Wider Embrace, Deeper Love

Who are you?

Where are you? 

What time is it? What season is it?

Why are you here?

What do you see around you?

These are questions that a doctor may ask, or a nurse, or an EMT in order to determine of someone is alert and oriented, or not and there’s a problem to address

And if you are alert and oriented, these questions can have easy answers, right?

My name is Nathaniel. I’m here in the sanctuary at First Congregational Church. It’s about 10:30am. It’s autumn. I’m here because I’m the pastor leading worship. I see a bunch of dear human beings, children of the living god, here around me in this beautiful space. 

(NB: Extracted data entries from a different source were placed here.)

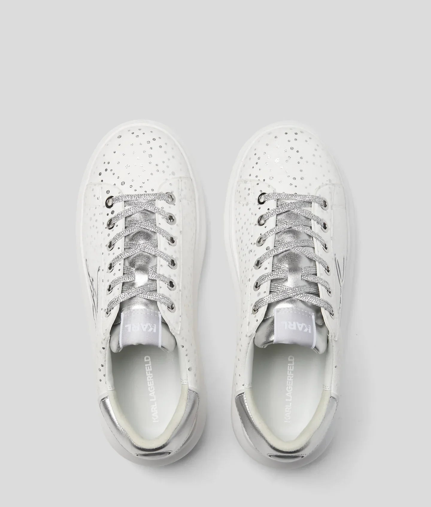 Add a touch of sparkle to any outfit with these eye-catching sneakers featuring all-over glittering embellishments. Anchored by a high-shine contrasting heel counter and bold KARL Signature artwork at the side, they are the perfect blend of glamor and comfort.
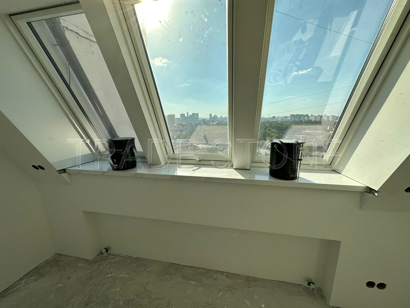 Преобразили мансардное помещение с панорамными окнами, установив подоконник из белого акрилового камня. Изделие выполнено по индивидуальным размерам — идеально вписалось в интерьер. Гладкая поверхность и лаконичный дизайн подчёркивают стиль комнаты, не отвлекая от завораживающего вида за окном.
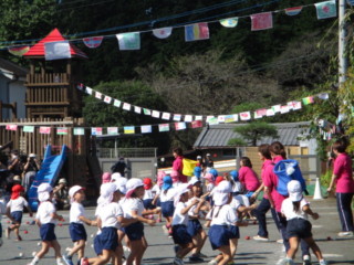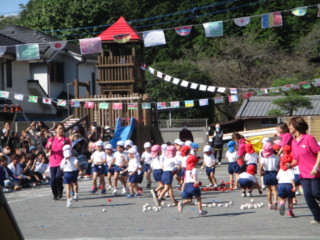 追いかけ玉入れ(つばめ組、うぐいす組、はと組)

Medically speaking, I for one, right now, am alert and oriented … at least I hope so; I hope you all agree. 

But these questions can be deeper questions if we approach them in a deeper, broader way. 

Who are you? 

Really, in the deepest, truest sense you can name right now: Who are you?

This is a fundamental question. And it is a question that we grow into as we grow and mature. Our answers may change and evolve at different times in our lives. I’m sure you can reflect on the different ways you’ve answered this question at different times in your life. Old answers may break down and be reformed. We may lose track of an important part of our identity, and recover it and find that it’s still true but in a new way. We may need to find new words, new communities of belonging, or even new names.

As a person of faith, our relationship with God and the activity of the Divine in our lives is a central part of our journey with that this question: Who are you?

Then there’s the question:

Where are you? 

Literally where we are may change through our lives in ways that we may or may not name clearly. But also, how we understand where we are, wherever that is, here and now, the broader context, this also can grow and change, or be more accurate or less accurate, narrow or broad. It’s good to take stalk of this. Where are you? Where is this? What does that mean? How do we understand it?

And then, What time is it? What season? 

As the Book of Ecclesiastes says, there is a time and season for everything under the sun, that then call us to be and do according to the season. What season of life are you in? And how do we understand the historical era, “The Times We are Living Through”? What does that ask of us? 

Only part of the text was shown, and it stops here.